What do you mean by "translation type"?

> We need it now to get the MDIO nodes probed

No.  "simple-bus" is stating an attribute of the hardware, that the
child nodes represent simple memory-mapped devices that can be used
without special bus knowledge.  I don't think that applies here.

You can get the MDIO node probed without misusing simple-bus by adding
the fman node's compatible to the probe list in the kernel code.

This sort of thing is why I want to see what the rest of the fman
binding will look like.

>  and we'll needed later to probe other nodes/devices that will have
> standalone drivers: MAC, MURAM. etc. 

How are they truly standalone?  The exist in service to the greater
entity that is fman.  They presumably work together in some fashion.

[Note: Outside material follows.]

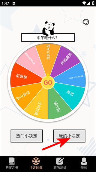 2、在決定轉(zhuǎn)盤頁面,點擊我的小決定選項,進入決定列表界面。
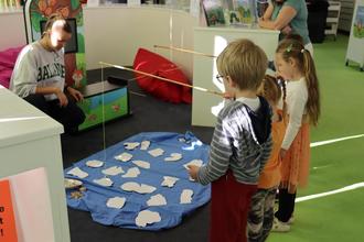 Eine Bücherei ist vor allem für eines bekannt: Bücher. Beim Angel-Spiel fischten die Mädchen und Jungen nach verschiedenen Figuren, die aus ihren Bilderbüchern ausgebüxt sind und wieder eingefangen und zugeordnet werden mussten. Natürlich durfte auch die Ausleihe nicht fehlen – das Kerngeschäft der Bücherei. Die Kinder verbuchten selbst Medien und wenn der PC „Piep“ machte, wussten sie, dass die Ausleihe erfolgreich war.

> >> +	/* mdio nodes for fman v3 @ 0x500000 */
> >> +	mdio at fc000 {
> >> +		#address-cells = <1>;
> >> +		#size-cells = <0>;
> >> +		reg = <0xfc000 0x1000>;
> >> +	};
> >> +
> >> +	mdio at fd000 {
> >> +		#address-cells = <1>;
> >> +		#size-cells = <0>;
> >> +		reg = <0xfd000 0x1000>;
> >> +	};
> >> +};
> > 
> > Where's the compatible?  Why is this file different from all the others?
> 
> The FMan v3 MDIO block (supports both Clause 22/45) is compatible with
> the FMan v2 10 Gb/s MDIO (the xgmac-mdio driver). However, the driver
> needs a small clean-up patch (still in internal review) that will get it
> working for FMan v3 MDIO.

This suggests that it is not 100% backwards compatible.

>  With that patch will add the compatible to these nodes. However, we
> need these nodes now for the board level MDIO bus muxing support
> (included in this patchset)

If you need these nodes now then add the compatible property now.